Instructions for the task
Scan the records below, and wherever a line has the word "MIMO", pull it out.
──────────
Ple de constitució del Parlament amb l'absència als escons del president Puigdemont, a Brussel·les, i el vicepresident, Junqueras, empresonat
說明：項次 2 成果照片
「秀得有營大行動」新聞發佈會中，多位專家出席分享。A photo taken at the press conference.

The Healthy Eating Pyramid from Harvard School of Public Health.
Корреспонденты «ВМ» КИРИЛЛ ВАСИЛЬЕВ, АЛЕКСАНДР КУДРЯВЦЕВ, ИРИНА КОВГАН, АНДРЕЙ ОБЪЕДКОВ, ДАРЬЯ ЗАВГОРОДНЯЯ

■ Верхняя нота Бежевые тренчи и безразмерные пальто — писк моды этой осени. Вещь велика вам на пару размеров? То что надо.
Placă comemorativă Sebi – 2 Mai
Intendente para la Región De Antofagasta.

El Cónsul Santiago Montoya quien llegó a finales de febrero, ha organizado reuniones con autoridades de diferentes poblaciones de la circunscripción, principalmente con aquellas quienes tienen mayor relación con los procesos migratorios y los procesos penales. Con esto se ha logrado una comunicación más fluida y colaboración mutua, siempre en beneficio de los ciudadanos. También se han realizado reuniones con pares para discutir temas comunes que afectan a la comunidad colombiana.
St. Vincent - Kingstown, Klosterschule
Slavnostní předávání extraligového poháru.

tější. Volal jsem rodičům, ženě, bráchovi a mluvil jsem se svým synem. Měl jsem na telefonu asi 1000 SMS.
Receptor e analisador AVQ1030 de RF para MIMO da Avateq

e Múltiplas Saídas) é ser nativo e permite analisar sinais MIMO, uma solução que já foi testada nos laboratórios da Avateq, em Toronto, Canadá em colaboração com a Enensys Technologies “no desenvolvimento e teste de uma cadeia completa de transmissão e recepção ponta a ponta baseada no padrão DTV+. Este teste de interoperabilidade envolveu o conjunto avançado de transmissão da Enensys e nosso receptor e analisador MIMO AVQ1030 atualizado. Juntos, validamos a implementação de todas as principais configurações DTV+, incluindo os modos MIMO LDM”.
──────────
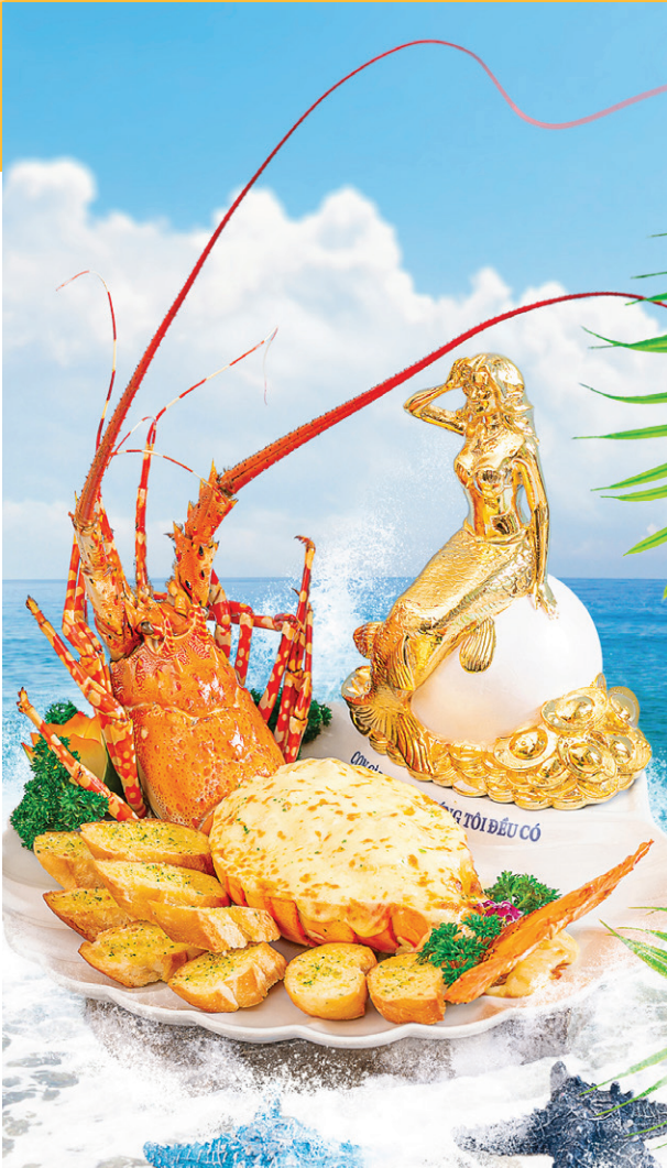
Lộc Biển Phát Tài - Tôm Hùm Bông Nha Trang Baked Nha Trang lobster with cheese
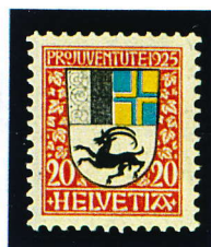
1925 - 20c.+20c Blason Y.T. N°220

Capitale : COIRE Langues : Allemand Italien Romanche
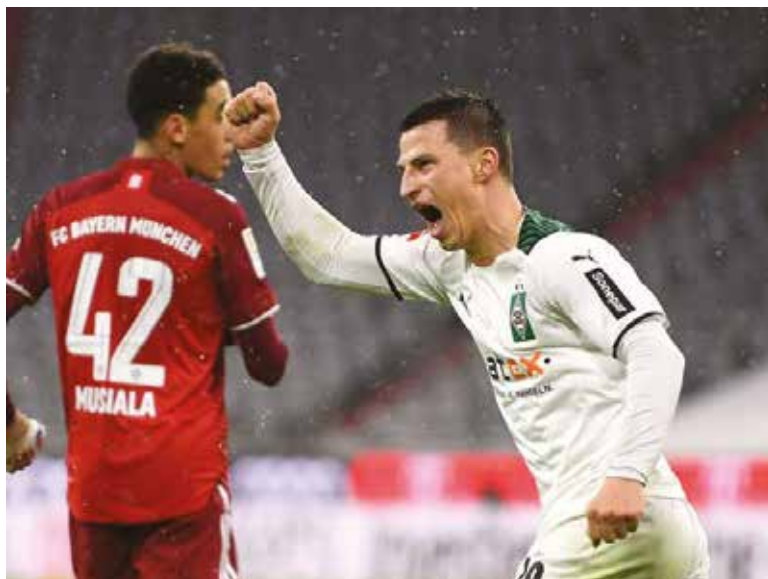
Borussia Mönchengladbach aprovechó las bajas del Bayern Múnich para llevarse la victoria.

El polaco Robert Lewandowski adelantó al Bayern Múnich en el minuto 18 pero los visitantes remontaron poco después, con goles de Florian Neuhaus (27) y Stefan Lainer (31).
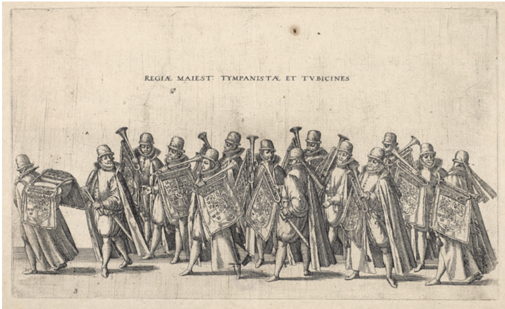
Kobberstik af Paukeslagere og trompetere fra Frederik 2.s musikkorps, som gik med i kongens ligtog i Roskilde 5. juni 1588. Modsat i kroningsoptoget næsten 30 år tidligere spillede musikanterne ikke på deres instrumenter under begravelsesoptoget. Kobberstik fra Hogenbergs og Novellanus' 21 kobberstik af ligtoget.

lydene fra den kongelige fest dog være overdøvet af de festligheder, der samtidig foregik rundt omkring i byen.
──────────
Answer area
Receptor e analisador AVQ1030 de RF para MIMO da Avateq
e Múltiplas Saídas) é ser nativo e permite analisar sinais MIMO, uma solução que já foi testada nos laboratórios da Avateq, em Toronto, Canadá em colaboração com a Enensys Technologies “no desenvolvimento e teste de uma cadeia completa de transmissão e recepção ponta a ponta baseada no padrão DTV+. Este teste de interoperabilidade envolveu o conjunto avançado de transmissão da Enensys e nosso receptor e analisador MIMO AVQ1030 atualizado. Juntos, validamos a implementação de todas as principais configurações DTV+, incluindo os modos MIMO LDM”.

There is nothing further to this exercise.